What the task requires →
Reproduce the listing below exactly. Pictures do not belong in the copy.

Start of Supplied material

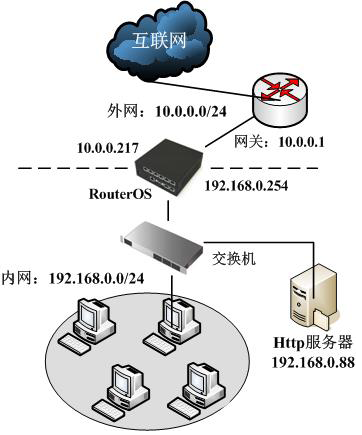 通过下面一个简单的网络拓扑作为配置实例,根据该网络需要通过RouterOS完成配置:
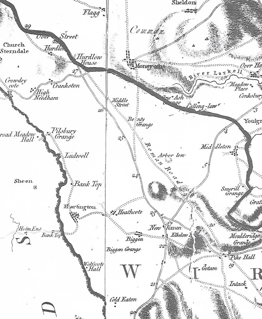 Something not mentioned by English Heritage is that a Roman road ran through this area just 100 metres away, south east from Buxton, and that this probably followed the line of an older ridgeway. A henge monument on the scale of Arbor Low must have attracted visitors for (presumably) seasonal festivals from all over the district, and so the proximity of the henge to the road is not mere coincidence. It can be seen that the eighteenth-century turnpike did not follow the exact route of the older road, which remained in use until the time of Burdett’s map, but which has now disappeared except as a parish boundary. Overall the route presents a classic example of a road that may be at least four thousand years old, starting as a ridgeway serving the henge and other sites nearby, then being re-engineered by the Romans, and more recently re-routed as a turnpike road.
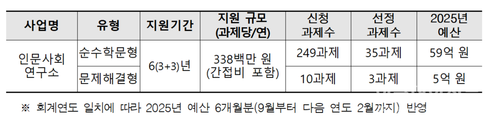 ‘인문사회 학술연구 지원사업’은 학문후속세대를 포함해 연구자의 성장단계별 연구 역량을 강화하고, 대학 부설 연구소 중심의 집단연구 기반을 구축하기 위해 1963년부터 교육부가 추진해 온 인문사회 분야의 대표적인 국가 연구개발 사업이다.

End of Supplied material

Answer →
 通过下面一个简单的网络拓扑作为配置实例,根据该网络需要通过RouterOS完成配置:
 Something not mentioned by English Heritage is that a Roman road ran through this area just 100 metres away, south east from Buxton, and that this probably followed the line of an older ridgeway. A henge monument on the scale of Arbor Low must have attracted visitors for (presumably) seasonal festivals from all over the district, and so the proximity of the henge to the road is not mere coincidence. It can be seen that the eighteenth-century turnpike did not follow the exact route of the older road, which remained in use until the time of Burdett’s map, but which has now disappeared except as a parish boundary. Overall the route presents a classic example of a road that may be at least four thousand years old, starting as a ridgeway serving the henge and other sites nearby, then being re-engineered by the Romans, and more recently re-routed as a turnpike road.
 ‘인문사회 학술연구 지원사업’은 학문후속세대를 포함해 연구자의 성장단계별 연구 역량을 강화하고, 대학 부설 연구소 중심의 집단연구 기반을 구축하기 위해 1963년부터 교육부가 추진해 온 인문사회 분야의 대표적인 국가 연구개발 사업이다.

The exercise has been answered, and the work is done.